When they do so, they will not only find greater acceptance in the fraternity, but will also perhaps be rightfully heard first on areas such as patent litigation given their training in technology. This also has a critical and positive consequence for the quality of discourse on patents. In the last few years, although the level of IP awareness has increased in India, the discussion on patents seems limited to broad and generalized propositions which may be attributed to lack of training in science, and negligible or no experience in the practice of the subject on the part of certain commentators. There are notable exceptions to this trend, but by and large the reluctance to deal with specifics probably stems from a clear paucity of training and experience.

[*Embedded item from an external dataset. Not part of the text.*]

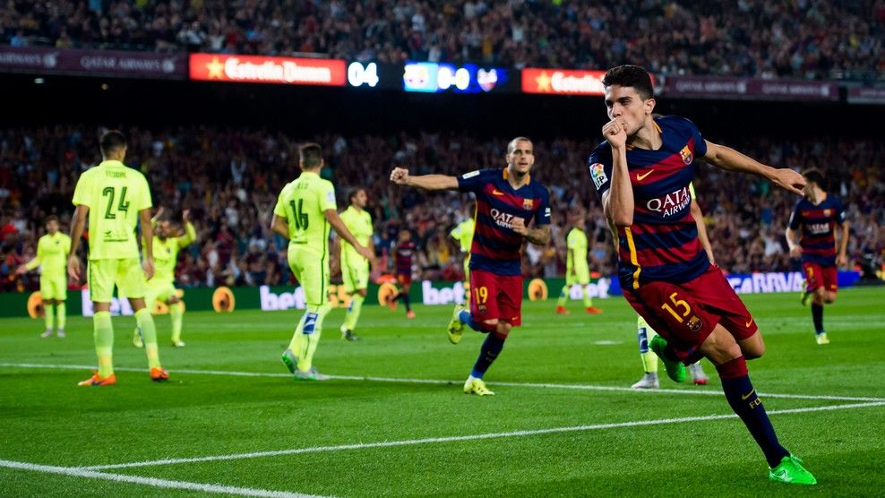 256:"BARCELONA, SPAIN - SEPTEMBER 20: Marc Bartra of FC Barcelona celebrates after scoring the opening goal during the La Liga match between FC Barcelona and Levante UD at Camp Nou on September 20, 2015 in Barcelona, Spain. (Photo by Alex Caparros/Getty Images)

I personally believe that the bar on academics from practising the law must also be held significantly responsible for this trend, which may not be peculiar to the patent discourse. As long as this bar remains in force, academics will be deprived of the opportunity of sharpening their perspectives through practice. Until such time this bar is lifted and even after, patent litigators with training or experience with technology must play a greater role in shaping the discourse on patents and in volunteering with realistic policy initiatives. This will hopefully bring about a more nuanced discussion on the subject. I must clarify that none of these suggestions are meant to claim an exclusive space for litigators with scientific training because there are patent practitioners whose lack of formal scientific training has not come in the way of professional brilliance.